🤖 AI Summary
This study identifies a critical privacy threat: publicly available statistical data—such as U.S. Census and HUD datasets—are vulnerable to reconstruction attacks that re-identify unreported occupants in subsidized housing, thereby increasing eviction risks for low-income tenants violating occupancy rules. Methodologically, the authors empirically demonstrate, for the first time, that lightweight data fusion and reconstruction techniques achieve high-accuracy identification of noncompliant households using real 2010 data. Comparative evaluations show that differentially private sanitization substantially mitigates such attacks, whereas conventional random swapping offers negligible protection.

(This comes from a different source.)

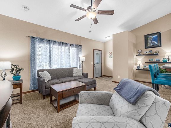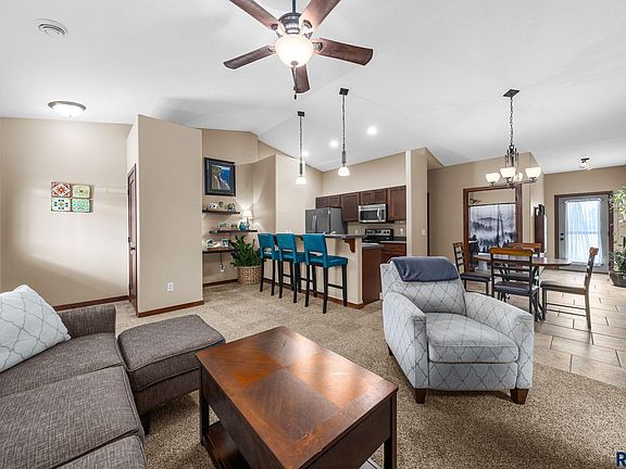 Enjoy no backyard neighbors and take in the pretty scenery from your patio! This townhome gives you easy living with one level to care for & HOA that covers snow, lawn, & garbage! This home also includes 36" doors throughout! The main living space feels large and open with vaulted ceilings. The kitchen includes ceramic tile flooring, a pantry closet for added storage, & soft close cupboards. The two bedrooms are both spacious, and the primary suite includes a large walk-in closet and dedicated bathroom. With a double garage that includes overhead storage shelves, and room for a workbench, you've got options! The front of the home includes a covered porch, as well as the back patio perfect for grilling and hangouts!

Further analysis confirms that the differential privacy mechanism deployed in the 2020 Census significantly reduces reconstruction accuracy. The work establishes a concrete, empirically grounded privacy risk posed by statistical disclosure to marginalized populations and provides actionable, privacy-enhancing strategies—offering both empirical evidence and methodological guidance for secure governance of low-income housing data.
📝 Abstract
As the U.S. Census Bureau implements its controversial new disclosure avoidance system, researchers and policymakers debate the necessity of new privacy protections for public statistics. With experiments on both published statistics and synthetic data, we explore a particular privacy concern: respondents in subsidized housing may deliberately not mention unauthorized children and other household members for fear of being evicted. By combining public statistics from the Decennial Census and the Department of Housing and Urban Development, we demonstrate a simple, inexpensive reconstruction attack that could identify subsidized households living in violation of occupancy guidelines in 2010. Experiments on synthetic data suggest that a random swapping mechanism similar to the Census Bureau's 2010 disclosure avoidance measures does not significantly reduce the precision of this attack, while a differentially private mechanism similar to the 2020 disclosure avoidance system does. Our results provide a valuable example for policymakers seeking a trustworthy, accurate census.